| TASK INSTRUCTIONS |
Starting at the line containing "年末岁尾,我市书法家们到农村" and ending at the line containing "缶ケースに入った同商品のフタ", transcribe the listing below exactly. Keep both end lines, skip the pictures, and copy nothing else.

| COLLECTED MATERIAL |
_ _ _ _

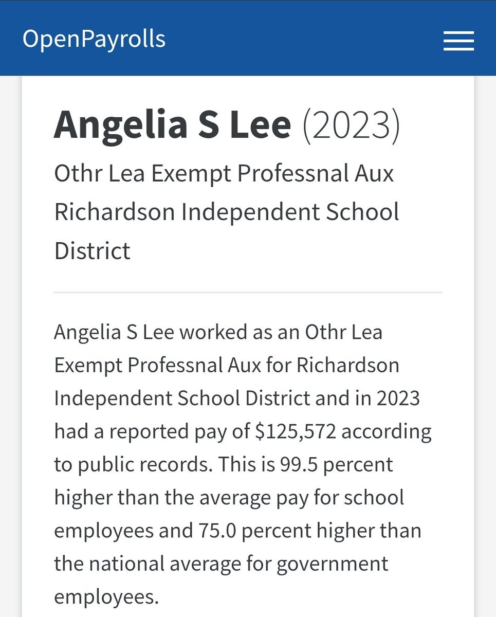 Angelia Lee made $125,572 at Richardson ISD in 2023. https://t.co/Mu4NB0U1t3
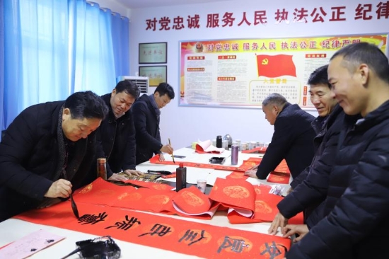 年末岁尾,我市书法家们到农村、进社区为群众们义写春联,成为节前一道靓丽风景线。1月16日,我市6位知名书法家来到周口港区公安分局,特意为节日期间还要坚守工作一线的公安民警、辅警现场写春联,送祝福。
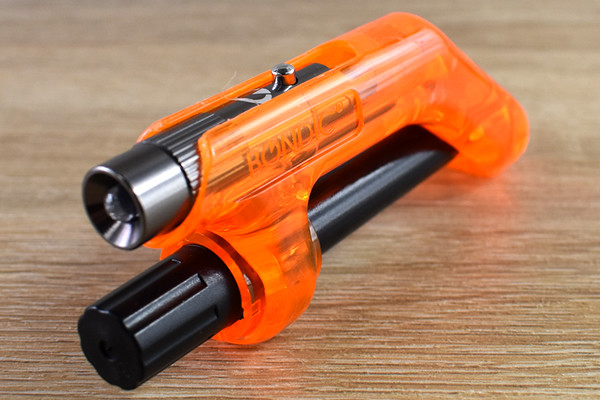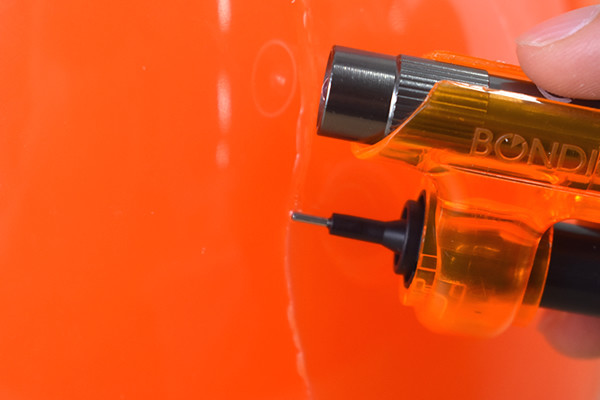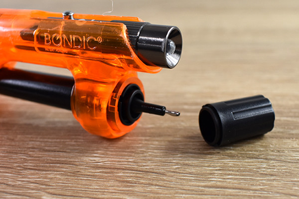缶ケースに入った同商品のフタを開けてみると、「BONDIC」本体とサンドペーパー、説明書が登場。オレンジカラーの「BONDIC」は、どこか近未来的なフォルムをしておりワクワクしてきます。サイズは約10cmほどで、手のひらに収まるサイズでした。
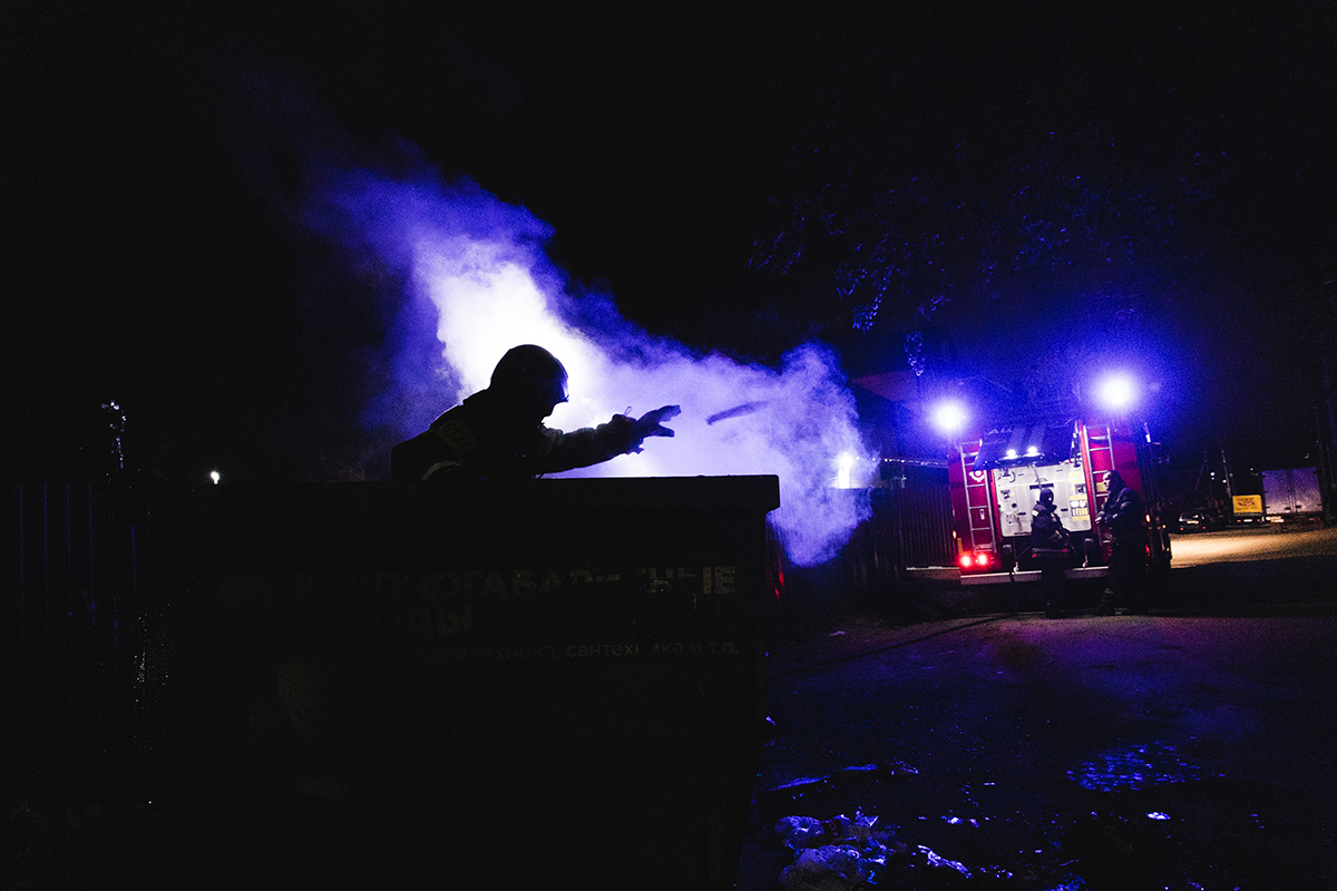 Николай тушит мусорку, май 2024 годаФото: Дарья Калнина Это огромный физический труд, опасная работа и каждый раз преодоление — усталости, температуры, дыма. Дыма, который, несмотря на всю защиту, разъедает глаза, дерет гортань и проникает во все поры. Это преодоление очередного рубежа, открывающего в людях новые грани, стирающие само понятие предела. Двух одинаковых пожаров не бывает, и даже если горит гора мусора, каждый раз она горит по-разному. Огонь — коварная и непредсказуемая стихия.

_ _ _ _

| THE ANSWER |
 年末岁尾,我市书法家们到农村、进社区为群众们义写春联,成为节前一道靓丽风景线。1月16日,我市6位知名书法家来到周口港区公安分局,特意为节日期间还要坚守工作一线的公安民警、辅警现场写春联,送祝福。
缶ケースに入った同商品のフタを開けてみると、「BONDIC」本体とサンドペーパー、説明書が登場。オレンジカラーの「BONDIC」は、どこか近未来的なフォルムをしておりワクワクしてきます。サイズは約10cmほどで、手のひらに収まるサイズでした。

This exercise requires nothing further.